The recommendations of the French Health and Drug Safety Authorities (HAS/ANSM-Haute Autorité de santé/Agence nationale de sécurité du médicament) are known, but there are always new developments underway. With regards to CMV suppression, there is the introduction of platelet glycoprotein Ia and the Intercept (Amotosalem+UVA) inactivation method which addresses bacterial risk. The irradiation of platelets is included in the recommendations to ensure HEV-negative plasma post allograft. In terms of blood transfusion safety, these measures as well as the broader spectrum of Ia, particularly for arboviruses, are a real breakthrough. The survey conducted in clinical services and the services providing blood products for transfusion along with a literature review have shown that several improvements need to be made. The first is a reduction of transfusions of concentrated red blood cells with introduction at a threshold of 7g/dL during hospitalization of patients without a fragile clinical status. The second improvement would address transfusion of refractory thrombocytopenia, encouraging an increase in discussion between clinicians and those conducting the transfusion in order to consider different etiologies and to identify appropriate care protocols. Third would be the need for the transmission of information between the transplantation doctors and blood transfusion specialists in order to define an approach to transfusion care adapted to the patient\'s situation. It is important to inform and educate patients about transfusion protocols post allotransplant or autotransplant. It must be clearly communicated to patients that they should always have on their person their blood group documentation. This is especially true when receiving care for a hemopathy or an autologous transplant. If undergoing an allogeneic transplant, patients should also carry transfusion guidelines post autotransplant or post allotransplant along with the phone numbers for the stem cell transplantation department and the blood transfusion center responsible for their care.

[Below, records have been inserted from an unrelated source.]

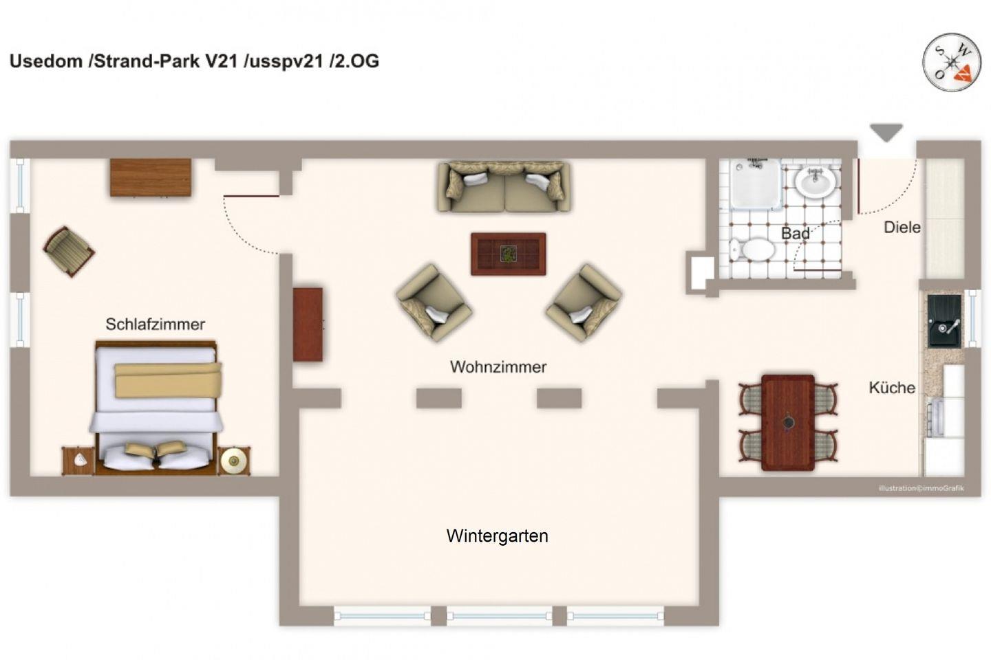 Die Ferienanlage „Strand-Park“ liegt direkt an der Strandpromenade von Heringsdorf. Das 70 qm große 2-Zimmer-Dachgeschoss-Apartment mit zur Ostsee gelegenem Wintergarten und Blick zur Strandpromenade ist für bis zu 4 Personen geeignet.
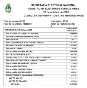 El escrutinio definitivo que realizó la Justicia Electoral confirmó la victoria de La Libertad Avanza sobre el peronismo de Fuerza Patria en la categoría diputados nacionales por la provincia de Buenos Aires por una diferencia de menos de 30 mil votos.
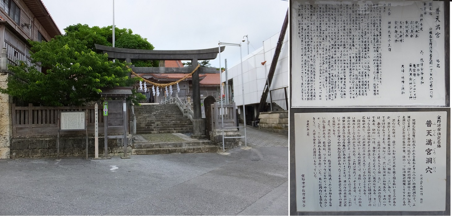 1500年頃この近くにある普天間洞穴の中に祀られた琉球古神道神と熊野権現(和歌山熊野?)と合祀したと伝えられる。
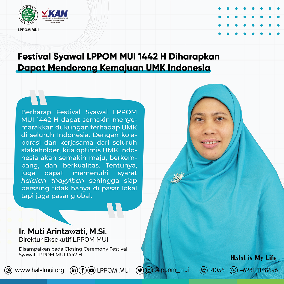 Festival Syawal LPPOM MUI 1442 H yang telah berakhir pada 22 Juni 2021 lalu, diharapkan dapat lebih menyemarakkan dukungan dan kolaborasi seluruh stakeholder halal terhadap UMK di seluruh Indonesia untuk dapat bersaing ke kancah global
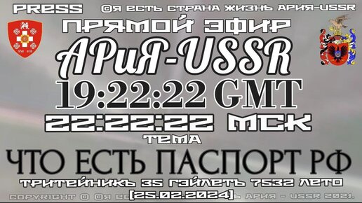 Прямой ЭФИР АРиЯ-USSR 📺 Тритейник 35 Гэйлет 7532 лето от С.М.З.Х. [25.02.2024] 🛂ЧТО ЕСТЬ ПАСПОРТ РФ
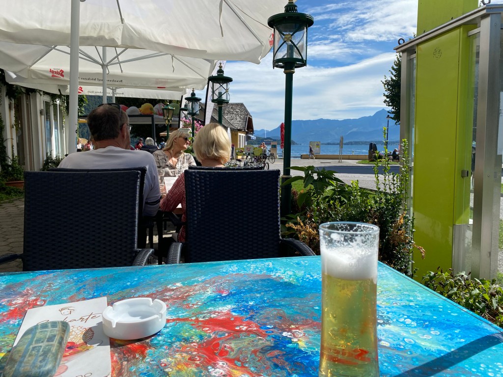 Magnificent scenery as we drove through the Austrian Lakes District.Everything is so green and lush.A lovely lunch spot at St Gilgen beside Wolfgangsee.St Gilgen – a really pretty place. Views as we cruised across the lake. The boat was fully loaded. Beautiful chalets and little villages were scattered beside the lake. The church where the wedding of Maria & Captain Avon Trapp was filmed for The Sound of Music. Inside that church in the town of Mondee
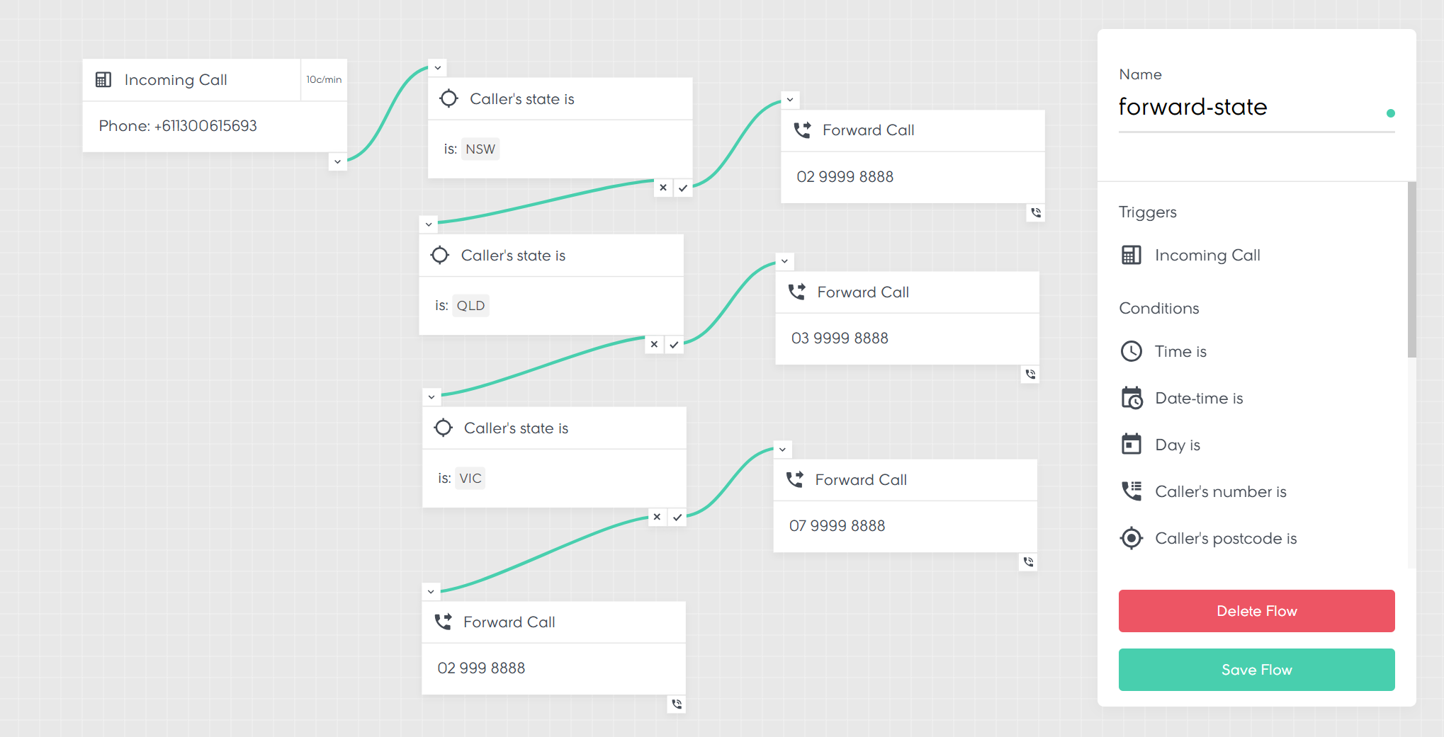 Note how multiple Caller's state is conditions are chained. Also, it is important to consider that the state is unknown for mobile numbers. In this example, all mobile numbers and callers from overseas or outside QLD, NSW, VIC will be directed to 02 9999 8888.
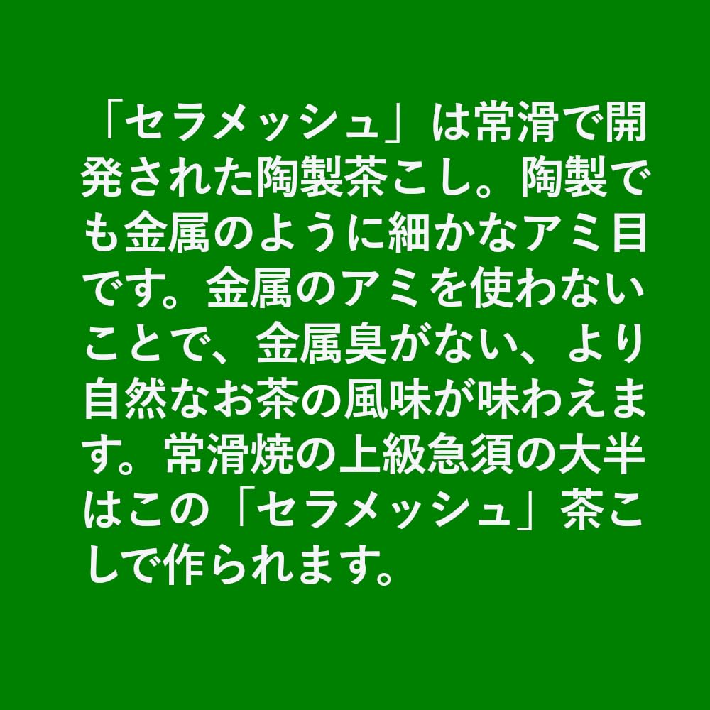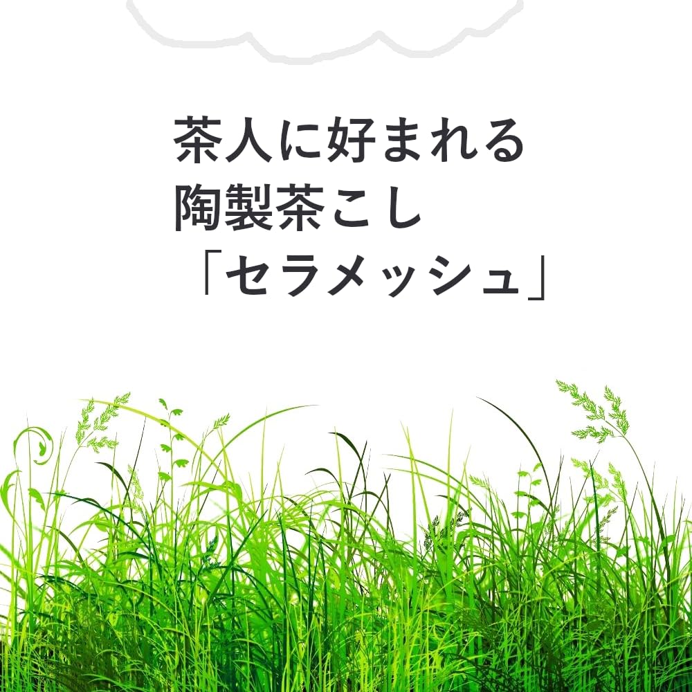 陶製茶こし「セラメッシュ」は金属の茶こしに頼らずに、昔からの焼き物の茶器にこだわってお茶本来の自然な味を楽しむために開発されました。茶葉の種類によっては目詰(づ)まりしたり、細かな茶葉のかけらがお茶に混じることがあります。流れ出た茶葉はそのまま食してかまいませんが、より「茶こし機能」を優先される場合は「ステンレス製茶こし付き」急須をお選びください。
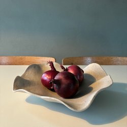 Keramikskål i oregelbunden form. Skålen har ett mönster i brunt och beige. Mått ca. 30 cm i diameter. För mer av min keramik se Instagram Emlaskeramik
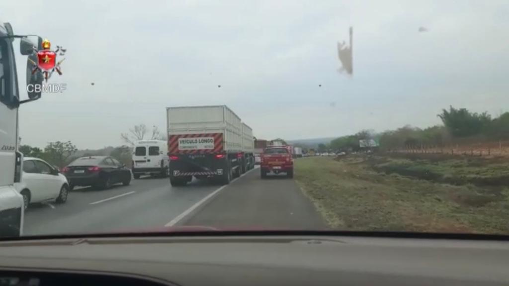Para o atendimento, foi necessário a interdição da BR, o que resultou em um engarrafamento de cerca de 1km.
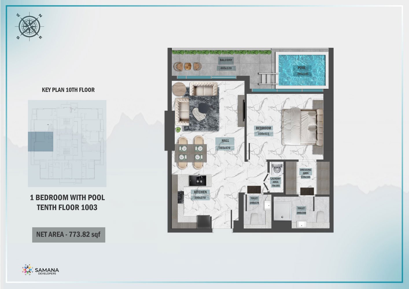 10th Floor | - | Unit 1003, Private Pool | 773.82 Sq Ft | Apartment |

Pulmonary complications after allogeneic hematopoietic stem cell transplantation occur frequently (30-75%), vary in severity, and sometimes prove lethal. They may occur at an early stage post-transplant before D100 but may also surface later. Etiological support for these complications has shown a beneficial impact on survival. When faced with early complications, non-invasive tests, scans, and microbiological tests must be rapidly implemented. In the majority of cases, these tests facilitate diagnosis. In cases where microbiological non-invasive tests are negative, and the patient shows a steady respiratory condition, bronchoalveolar lavage can be effective if it is implemented in the first four days following the onset of pulmonary symptoms. This diagnostic approach should in no way occlude the introduction of broad-spectrum antibiotics in these profoundly immunocompromised patients. Later pulmonary complications are the most often not infectious. They include different anatomo-clinical conditions: cryptogenic organizing pneumonia; interstitial lung disease; idiopathic pleuroparenchymal fibroelastosis. Vascular disorders may include hypertension, thrombotic microangiopathy, venous thromboembolism, and pleural effusions. These conditions must be monitored using RFE (respiratory functional exploration) which allows early detection and therapeutic intervention. A combination of RFE and thoracic radiology scans will provide diagnostic assessment. Bronchoalveolar lavage is indicated when an infection is suspected or before systemic corticosteroid therapy. A lung biopsy should be discussed on a case-by-case basis, such as in cases of interstitial pulmonary disorders.